WHAT IS REQUIRED | Would you repeat the whole listing exactly, pictures excluded?
[DATA BLOCK — start]
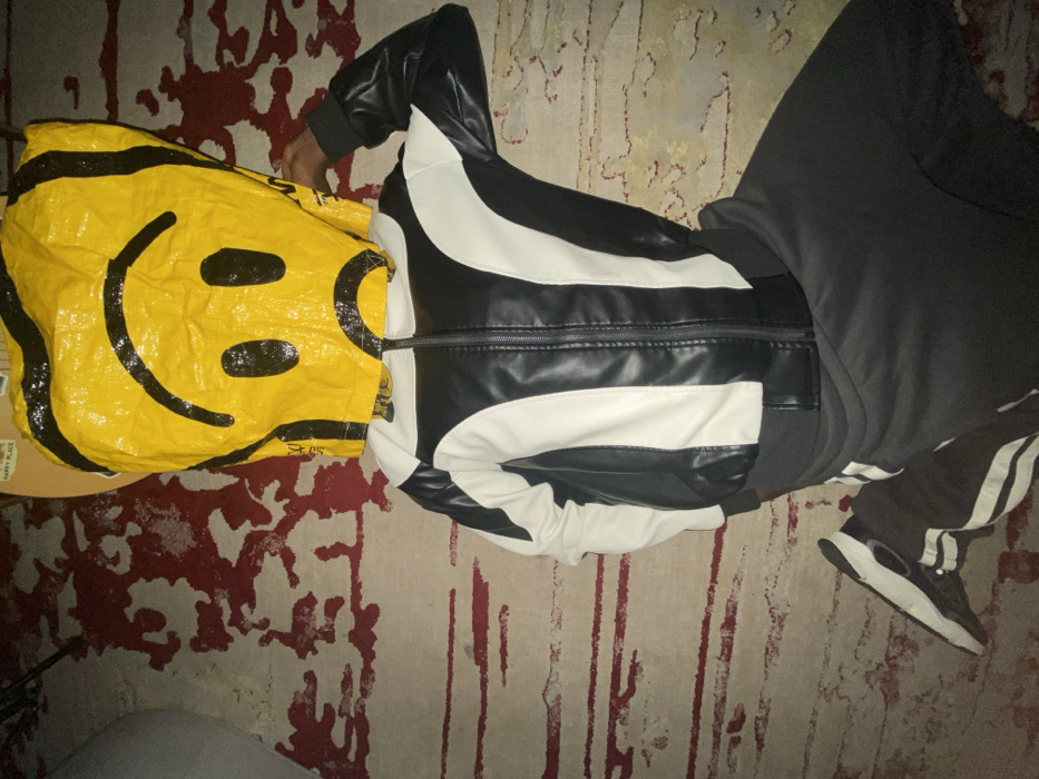 A person lies on a patterned rug. Their head is covered by a yellow bag with a black smiley face. They wear a black-and-white leather jacket, a grey hoodie, and dark grey sweatpants. One leg is extended, with a black and white shoe visible. The rug has a beige background with red patterns, possibly depicting stains or abstract designs. The lighting appears dim, casting shadows across the scene.
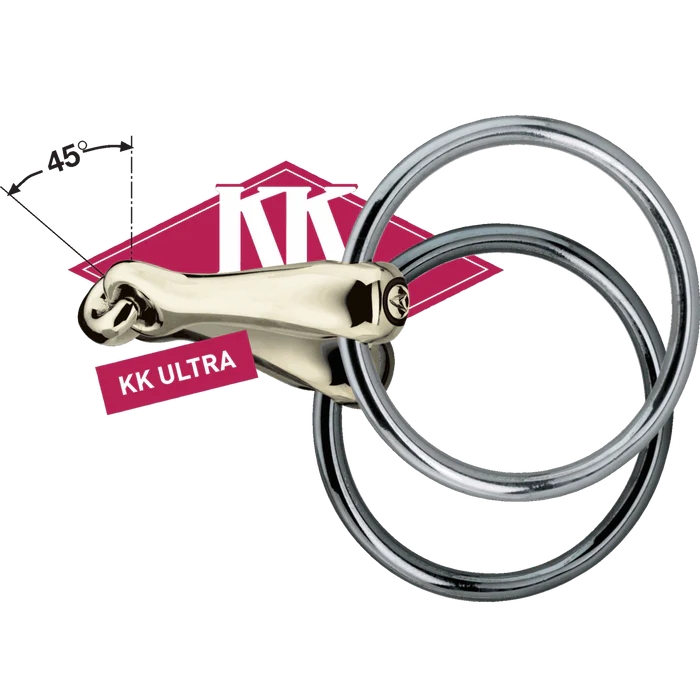 Das KK Ultra D-Ring Gebiss zeichnet sich durch sein anatomisch geformtes Mundstück aus, dessen Mittelstück um 45° nach vorne geneigt ist. Diese innovative Form ermöglicht eine präzise und sanfte Einwirkung, die das gesamte Pferdemaul, einschließlich der Zunge, schont.
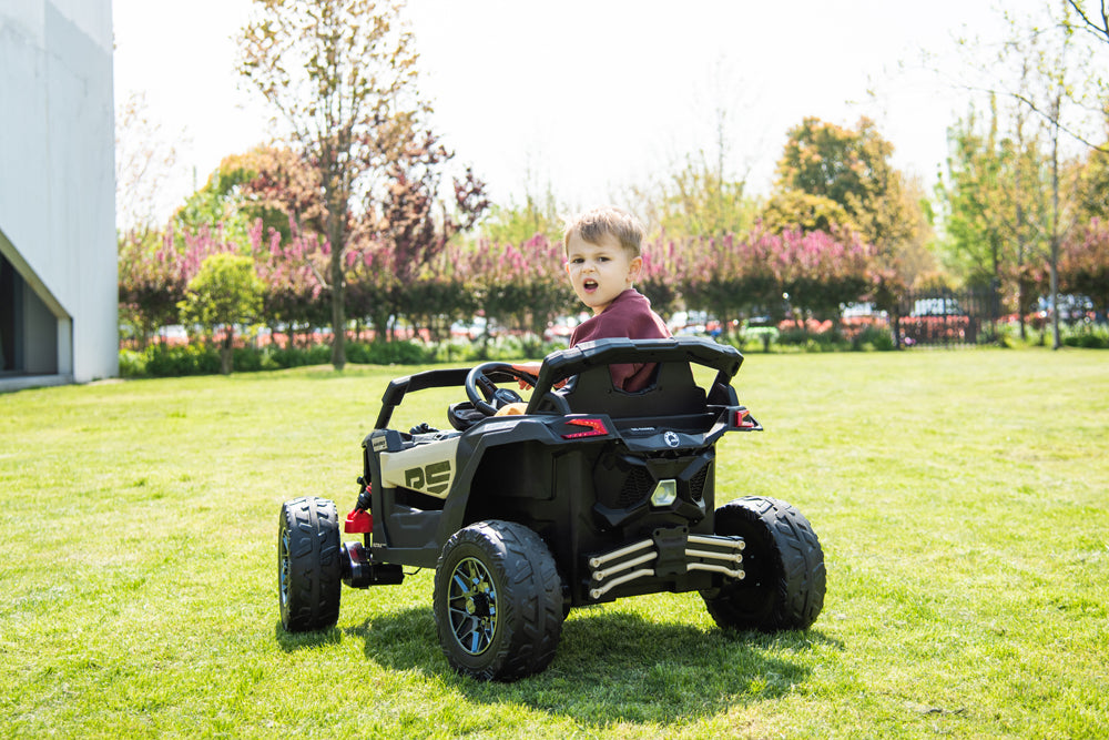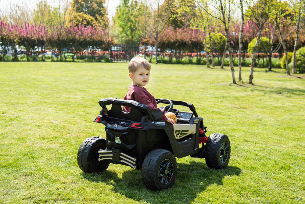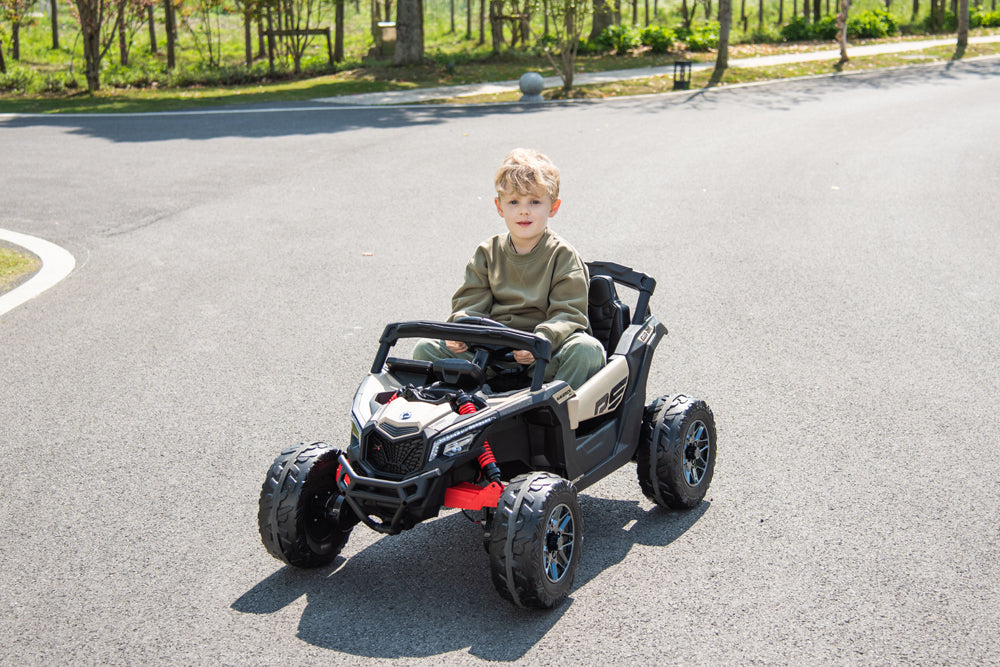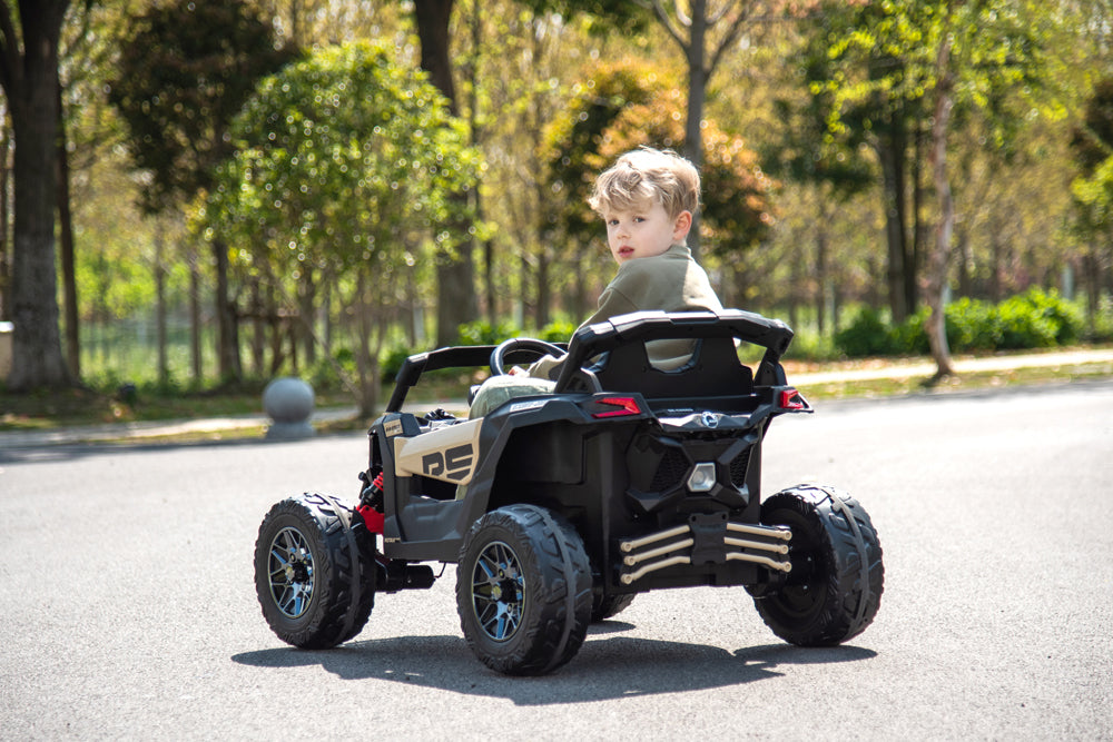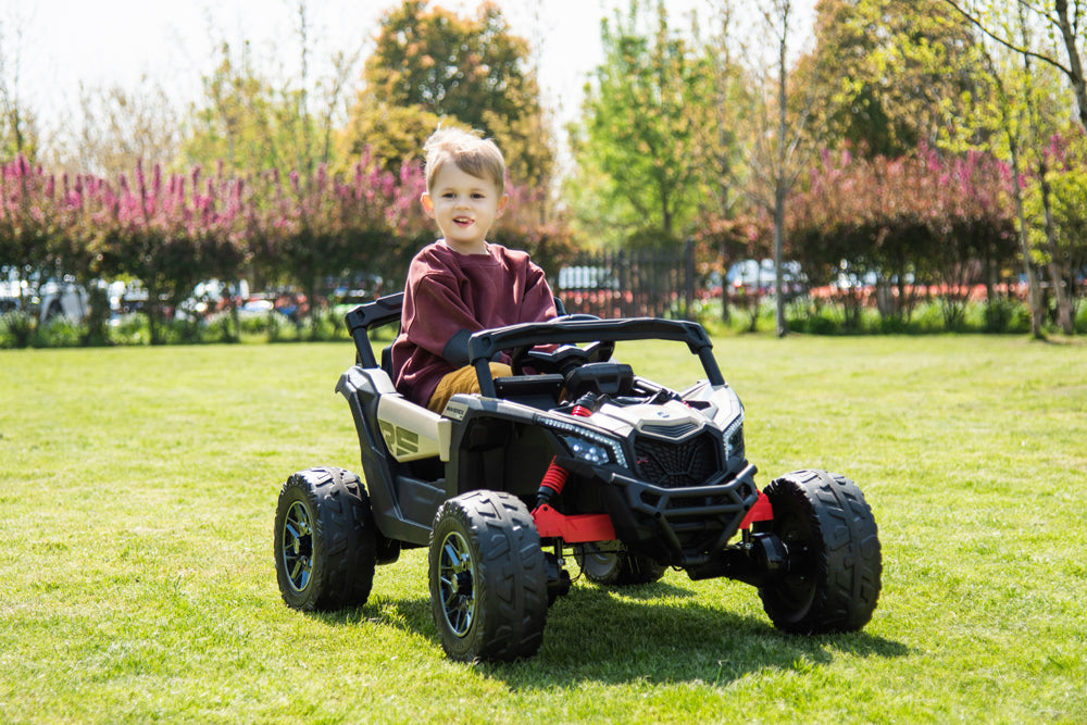 The Can Am Maverick 24V UTV offers young adventurers aged 1-5 years old the ultimate ride-on experience. This officially licensed electric UTV is powered by four potent 200W motors and a sturdy 24V battery, delivering a thrilling top speed of 5MPH and providing up to 50 minutes of fun on a full charge. It stands out with its 2.4G remote parental control, three-speed modes, and manual 22/44 switch for tackling various terrains. Safety features include a two-point seat belt, an emergency stop button, and 30 meters of remote control override. Packed with entertainment options such as MP3/USB inputs, radio, Bluetooth, and speakers, along with vibrant LED lights and a convenient button start, it's designed to deliver endless fun and safe rides.
[DATA BLOCK — finish]
RESPONSE TO THE TASK |
 A person lies on a patterned rug. Their head is covered by a yellow bag with a black smiley face. They wear a black-and-white leather jacket, a grey hoodie, and dark grey sweatpants. One leg is extended, with a black and white shoe visible. The rug has a beige background with red patterns, possibly depicting stains or abstract designs. The lighting appears dim, casting shadows across the scene.
 Das KK Ultra D-Ring Gebiss zeichnet sich durch sein anatomisch geformtes Mundstück aus, dessen Mittelstück um 45° nach vorne geneigt ist. Diese innovative Form ermöglicht eine präzise und sanfte Einwirkung, die das gesamte Pferdemaul, einschließlich der Zunge, schont.
 The Can Am Maverick 24V UTV offers young adventurers aged 1-5 years old the ultimate ride-on experience. This officially licensed electric UTV is powered by four potent 200W motors and a sturdy 24V battery, delivering a thrilling top speed of 5MPH and providing up to 50 minutes of fun on a full charge. It stands out with its 2.4G remote parental control, three-speed modes, and manual 22/44 switch for tackling various terrains. Safety features include a two-point seat belt, an emergency stop button, and 30 meters of remote control override. Packed with entertainment options such as MP3/USB inputs, radio, Bluetooth, and speakers, along with vibrant LED lights and a convenient button start, it's designed to deliver endless fun and safe rides.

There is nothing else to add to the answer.